Exercise ▸ The full listing is to be returned exactly as given, but without pictures.

Exercise data ▸
--*--
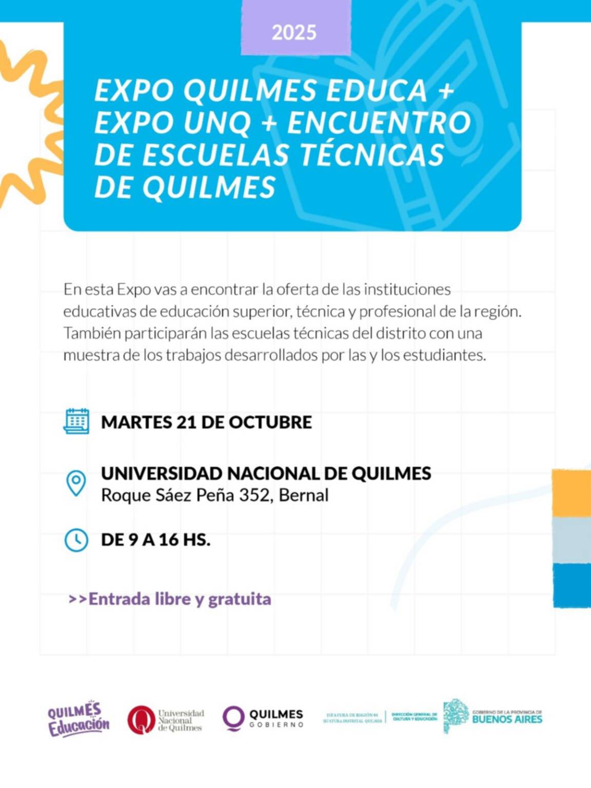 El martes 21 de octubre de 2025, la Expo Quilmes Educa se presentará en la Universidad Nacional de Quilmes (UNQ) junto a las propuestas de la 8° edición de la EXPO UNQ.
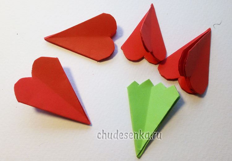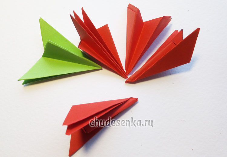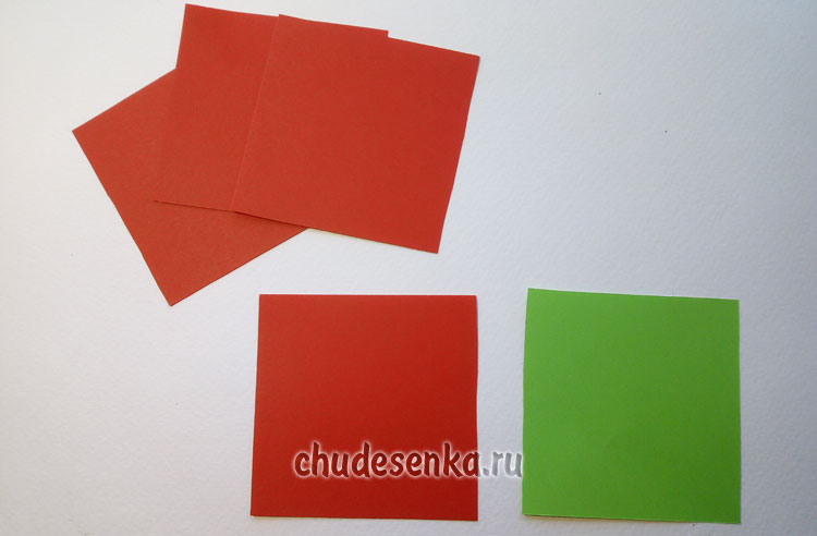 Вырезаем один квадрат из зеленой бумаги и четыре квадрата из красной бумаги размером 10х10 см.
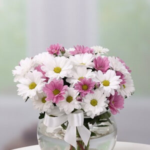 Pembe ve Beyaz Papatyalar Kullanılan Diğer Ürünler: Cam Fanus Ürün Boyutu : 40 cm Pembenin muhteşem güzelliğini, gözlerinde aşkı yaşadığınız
--*--
Solution ▸
 El martes 21 de octubre de 2025, la Expo Quilmes Educa se presentará en la Universidad Nacional de Quilmes (UNQ) junto a las propuestas de la 8° edición de la EXPO UNQ.
 Вырезаем один квадрат из зеленой бумаги и четыре квадрата из красной бумаги размером 10х10 см.
 Pembe ve Beyaz Papatyalar Kullanılan Diğer Ürünler: Cam Fanus Ürün Boyutu : 40 cm Pembenin muhteşem güzelliğini, gözlerinde aşkı yaşadığınız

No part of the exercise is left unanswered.